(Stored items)
========
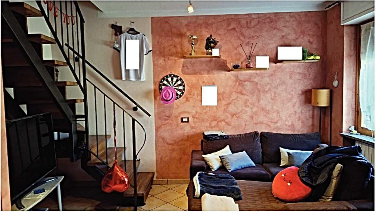
5) Soggiorno ingresso
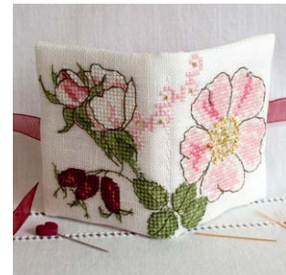
Livret à aiguilles Eglantine
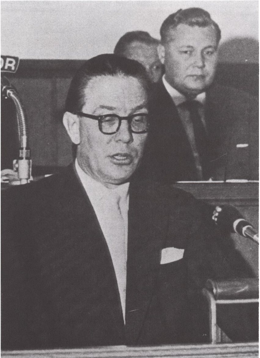
Kai-Uwe von Hassel. Han efterfulgte 1954 F. W. Lübke som slesvig-holstensk ministerpræsident. I grænselandspolitikken gik han ind for en hård linje over for det danske mindretal og ønskede ved at sammenkæde de danske og tyske mindretalsproblemer at aftvinge danske indrømmelser i Nordslesvig. Som ministerpræsident startede han i 1954 med at kræve en dansk-tysk mindretalstraktat, men fulgte siden de politiske signaler fra Bonn og slog ind på en blødere kurs over for det danske mindretal i Sydslesvig.
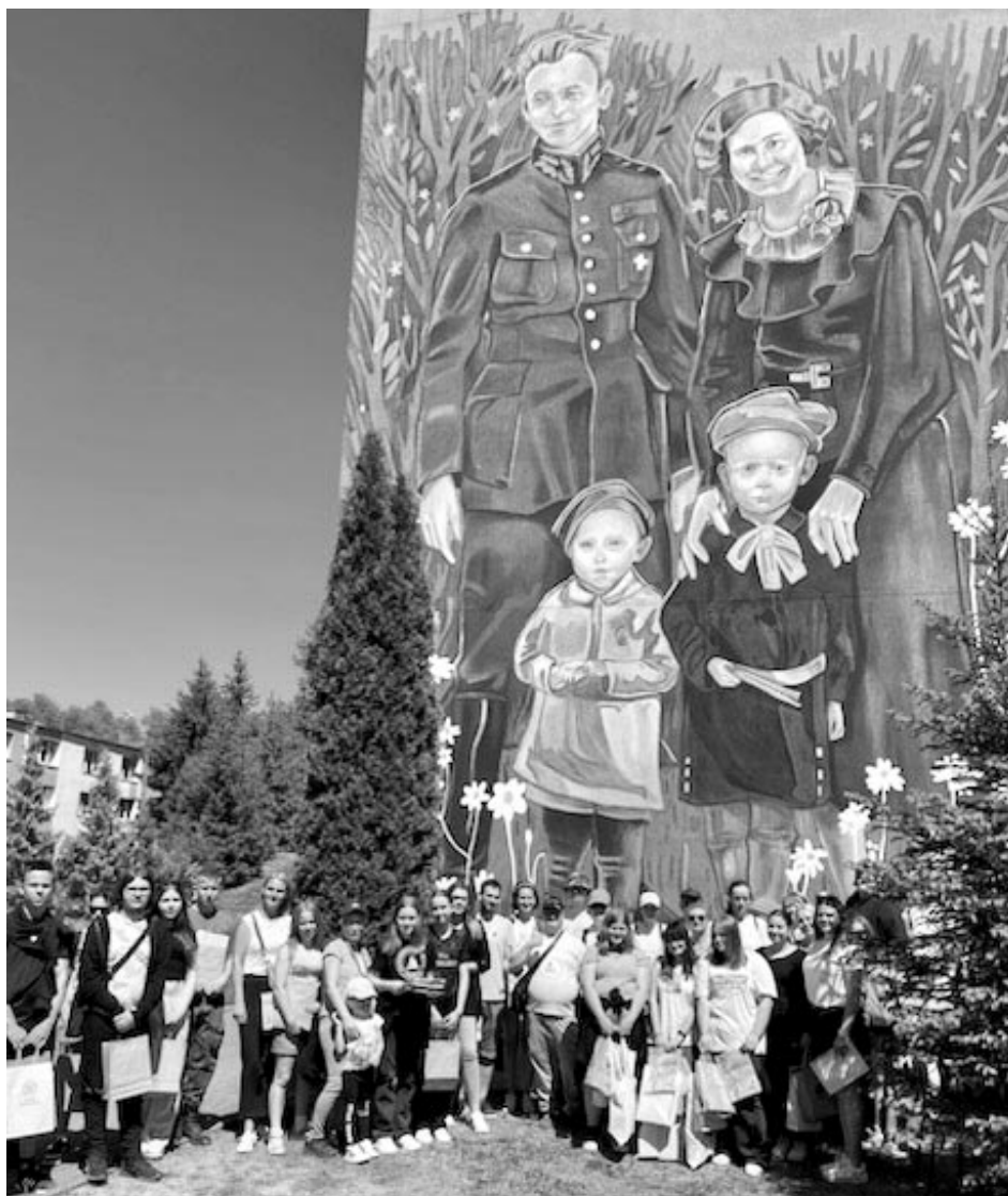
Uczestnicy gry na tle muralu zdobiącego mury szkoły

Fabula gry powstała na kanwie życiorysu rotmistrza, jego działań i zamiłowań. Wydarzenie współorganizował Instytut Pamięci Narodowej Delegatura w Olsztynie. Z zaangażowaniem współpracowały z nami jednostki organizacyjne gminy - Urząd Miejski w Olsztynku, Nadleśnictwo Olsztynek, instytucje: Ochotnicza Straż Pożarna w Olsztynku, Miejska Biblioteka Publiczna w Olsztynku, Muzeum Budownictwa Ludowego - Park Etnograficzny w Olsztynku, Multimedialne Muzeum Obozu Jenieckiego Stalag IB i Historii Olsztynka oraz placówki: Zespół Szkół im. Krzysztofa Celestyna Mrongowiusza w Olsztynku, Warsztaty Te-
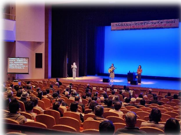
ヒューマンライツ・フェスタ2024 <地域人権啓発活動活性化事業>
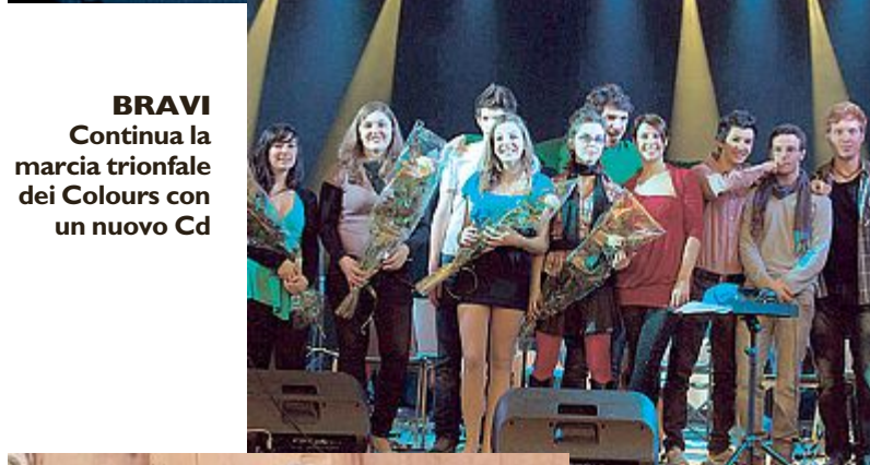
BRAVI Continua la marcia trionfale dei Colours con un nuovo Cd
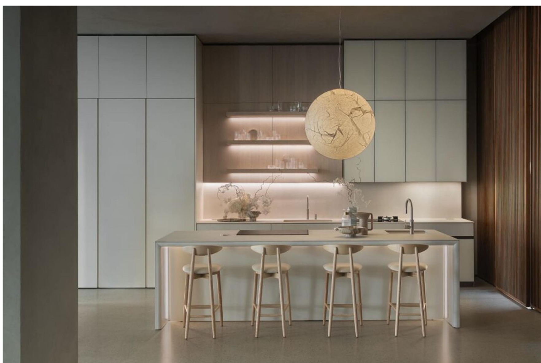
Kubic di Euromobil, presentato durante la MDW 2026
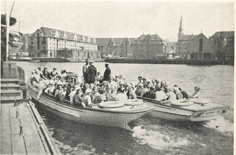
Sejltur i Københavns Havn.

Turen til København havde vi lagt tidlig paa Sommeren,
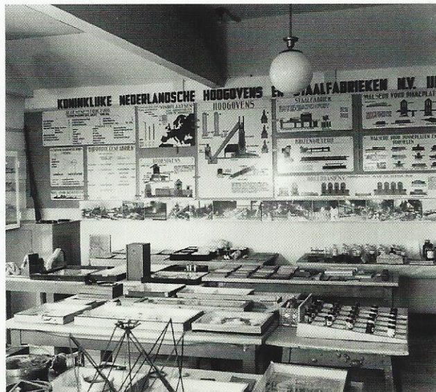
Zaal 6: Beroepen en bedrijven: het Hoogovenbedrijf met grondstoffen
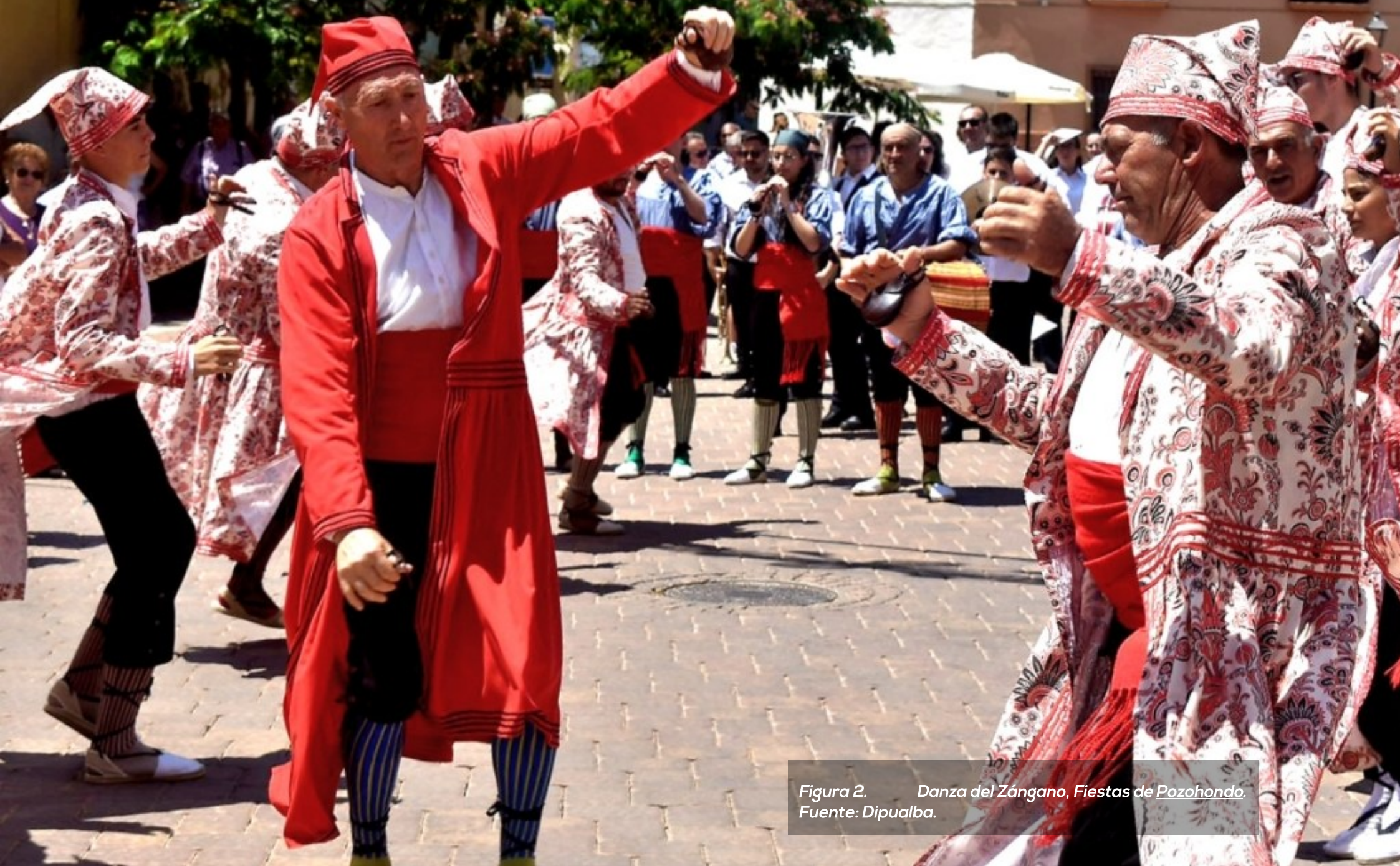
Figura 2. Danza del Zángano, Fiestas de Pozohondo.
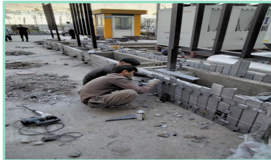
اجرای سنگ کاری باغچه های محوطه فضای سبز شمالی
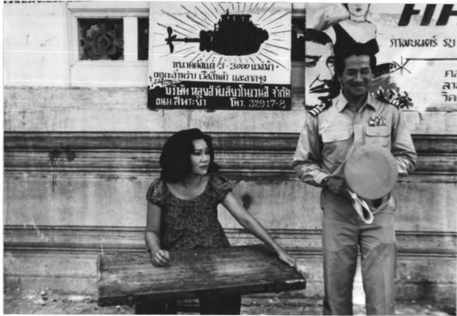
ภาพที่ 16 การถ่ายภาพบริเวณวัดและบอกถึงความเป็นอดีต ซึ่งจัดฉากโดยนางาอุบกรณ์สมัยนั้นมาประกอบด้านหลัง (ป้ายโฆษณา)
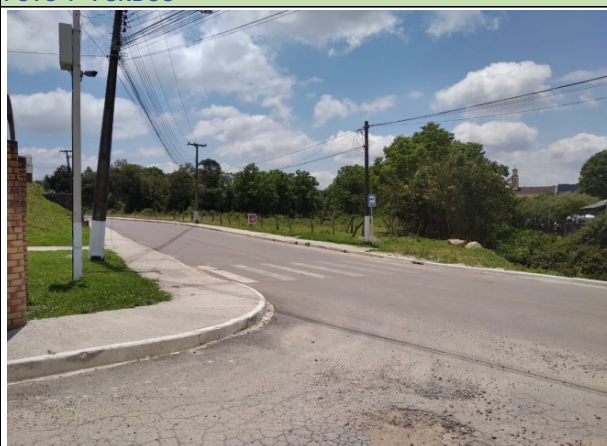
FOTO 6 - VIA DE ACESSO E ENTORNO
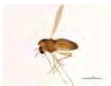
[Lateral] Chironomidae BIN URI: BOLD: ABU5525
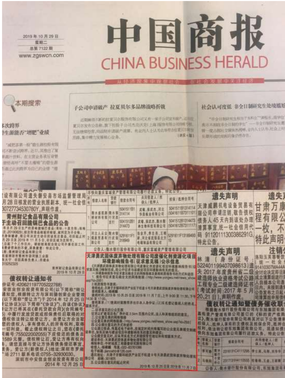
图3 2019年10月29日报纸公示
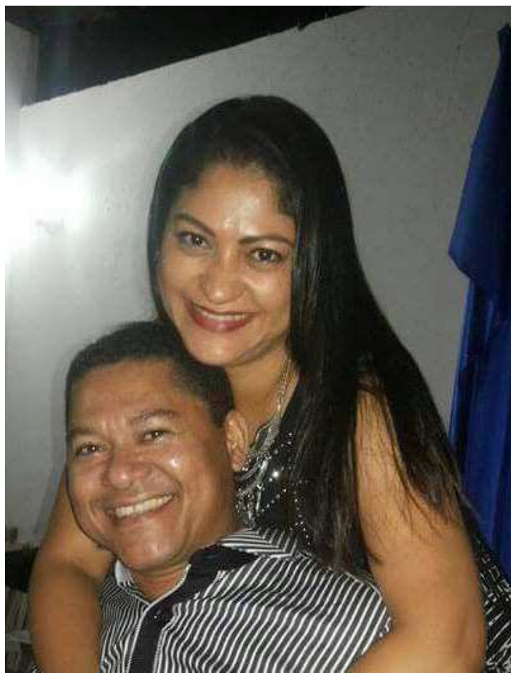
Tenente-coronel mata companheira e depois comete suicídio

A agente penitenciária ainda foi socorrida com vida e enca-
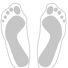
Spreizfuß mit Hallux valgus
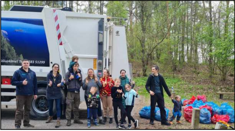
Puiki švarinimosi iniciatyva sulaukė palaikymo iš UAB "Molėtų švara"

Šauni ir kupina pozityvo talka, kurią organizavo VšĮ "Gera augti", sulaukė ne tik šeimų dalyvavimo, bet ir rimto partnerio UAB "Molėtų švara"
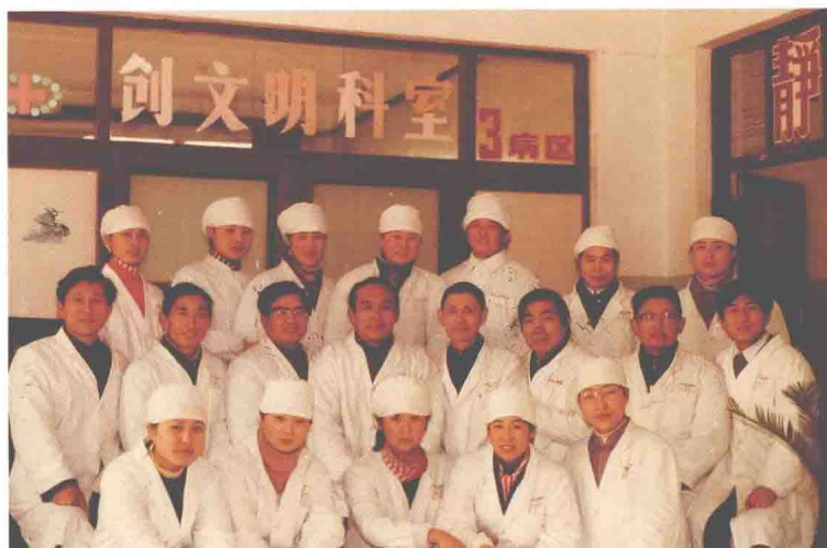
民航上海医院外科于 1986 年 1 月荣获民航上海管理局先进集体称号
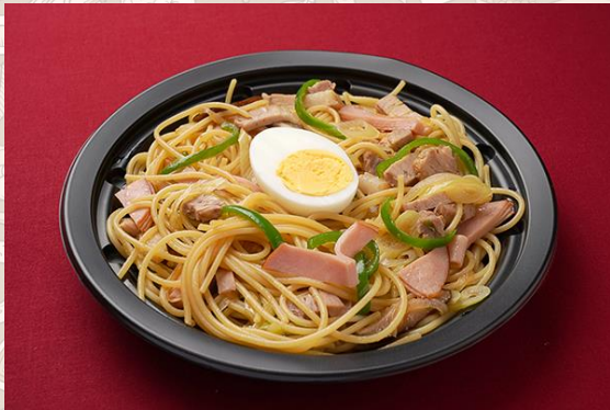
和風スパゲッティ (900円)
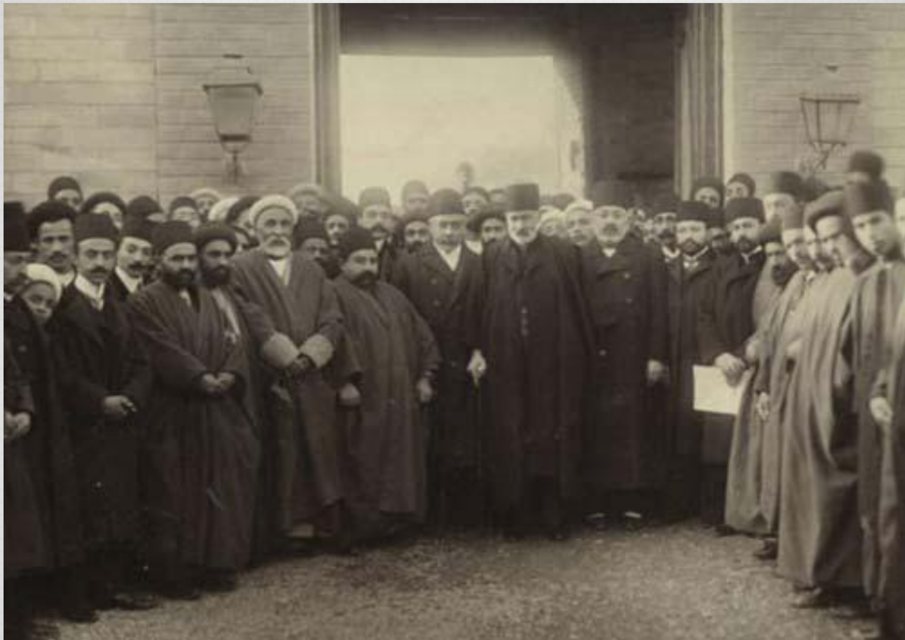
صدر اعظم ، وزیران و هیات تجار که دستخط مشروطه را در ۱۲۸۵ هجری شمسی به مجلس شورای ملی آوردند .
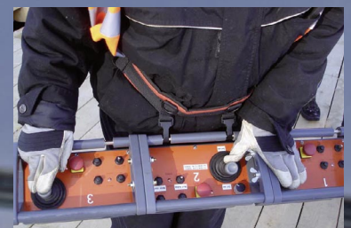
großes Bild: BKS hebt einen Wassertank, links: Kranknoten mit Messgeräten „gespickt“, rechts v.o.: Zeck-Winde Schalterpult mit Kraftmesser, eine Messflasche wird getestet, Steuerpult für die Winden
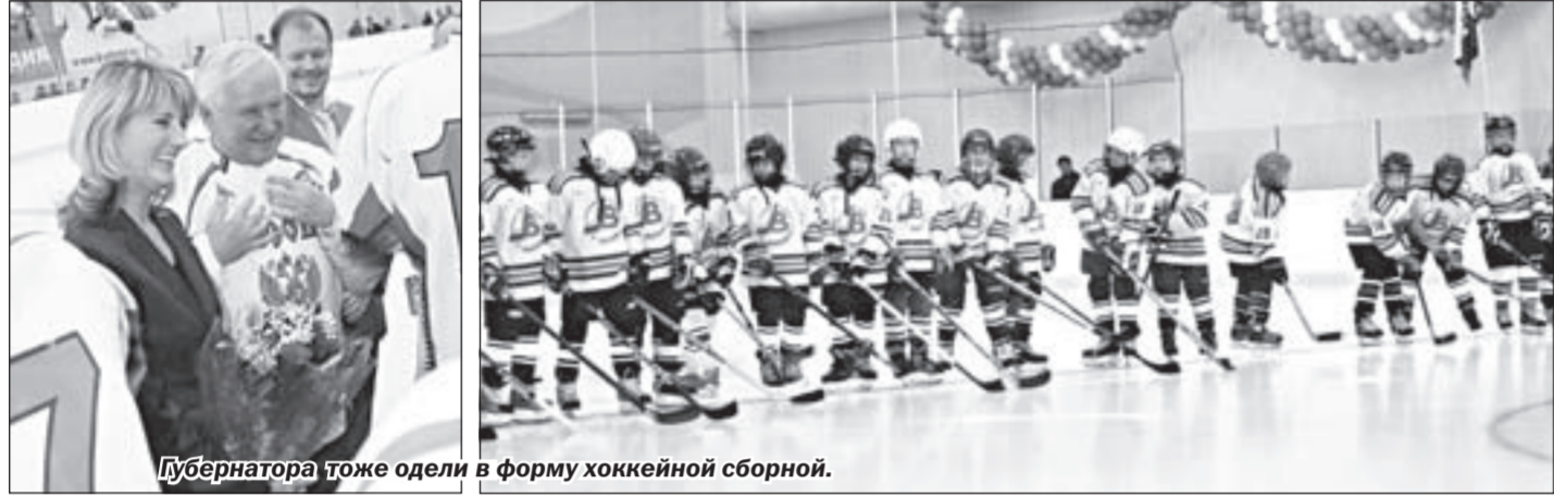
Губернатора тоже одели в форму хоккейной сборной.
========
Return every entry above exactly as written, with no pictures included.

5) Soggiorno ingresso
Livret à aiguilles Eglantine
Kai-Uwe von Hassel. Han efterfulgte 1954 F. W. Lübke som slesvig-holstensk ministerpræsident. I grænselandspolitikken gik han ind for en hård linje over for det danske mindretal og ønskede ved at sammenkæde de danske og tyske mindretalsproblemer at aftvinge danske indrømmelser i Nordslesvig. Som ministerpræsident startede han i 1954 med at kræve en dansk-tysk mindretalstraktat, men fulgte siden de politiske signaler fra Bonn og slog ind på en blødere kurs over for det danske mindretal i Sydslesvig.
Uczestnicy gry na tle muralu zdobiącego mury szkoły

Fabula gry powstała na kanwie życiorysu rotmistrza, jego działań i zamiłowań. Wydarzenie współorganizował Instytut Pamięci Narodowej Delegatura w Olsztynie. Z zaangażowaniem współpracowały z nami jednostki organizacyjne gminy - Urząd Miejski w Olsztynku, Nadleśnictwo Olsztynek, instytucje: Ochotnicza Straż Pożarna w Olsztynku, Miejska Biblioteka Publiczna w Olsztynku, Muzeum Budownictwa Ludowego - Park Etnograficzny w Olsztynku, Multimedialne Muzeum Obozu Jenieckiego Stalag IB i Historii Olsztynka oraz placówki: Zespół Szkół im. Krzysztofa Celestyna Mrongowiusza w Olsztynku, Warsztaty Te-
ヒューマンライツ・フェスタ2024 <地域人権啓発活動活性化事業>
BRAVI Continua la marcia trionfale dei Colours con un nuovo Cd
Kubic di Euromobil, presentato durante la MDW 2026
Sejltur i Københavns Havn.

Turen til København havde vi lagt tidlig paa Sommeren,
Zaal 6: Beroepen en bedrijven: het Hoogovenbedrijf met grondstoffen
Figura 2. Danza del Zángano, Fiestas de Pozohondo.
اجرای سنگ کاری باغچه های محوطه فضای سبز شمالی
ภาพที่ 16 การถ่ายภาพบริเวณวัดและบอกถึงความเป็นอดีต ซึ่งจัดฉากโดยนางาอุบกรณ์สมัยนั้นมาประกอบด้านหลัง (ป้ายโฆษณา)
FOTO 6 - VIA DE ACESSO E ENTORNO
[Lateral] Chironomidae BIN URI: BOLD: ABU5525
图3 2019年10月29日报纸公示
Tenente-coronel mata companheira e depois comete suicídio

A agente penitenciária ainda foi socorrida com vida e enca-
Spreizfuß mit Hallux valgus
Puiki švarinimosi iniciatyva sulaukė palaikymo iš UAB "Molėtų švara"

Šauni ir kupina pozityvo talka, kurią organizavo VšĮ "Gera augti", sulaukė ne tik šeimų dalyvavimo, bet ir rimto partnerio UAB "Molėtų švara"
民航上海医院外科于 1986 年 1 月荣获民航上海管理局先进集体称号
和風スパゲッティ (900円)
صدر اعظم ، وزیران و هیات تجار که دستخط مشروطه را در ۱۲۸۵ هجری شمسی به مجلس شورای ملی آوردند .
großes Bild: BKS hebt einen Wassertank, links: Kranknoten mit Messgeräten „gespickt“, rechts v.o.: Zeck-Winde Schalterpult mit Kraftmesser, eine Messflasche wird getestet, Steuerpult für die Winden
Губернатора тоже одели в форму хоккейной сборной.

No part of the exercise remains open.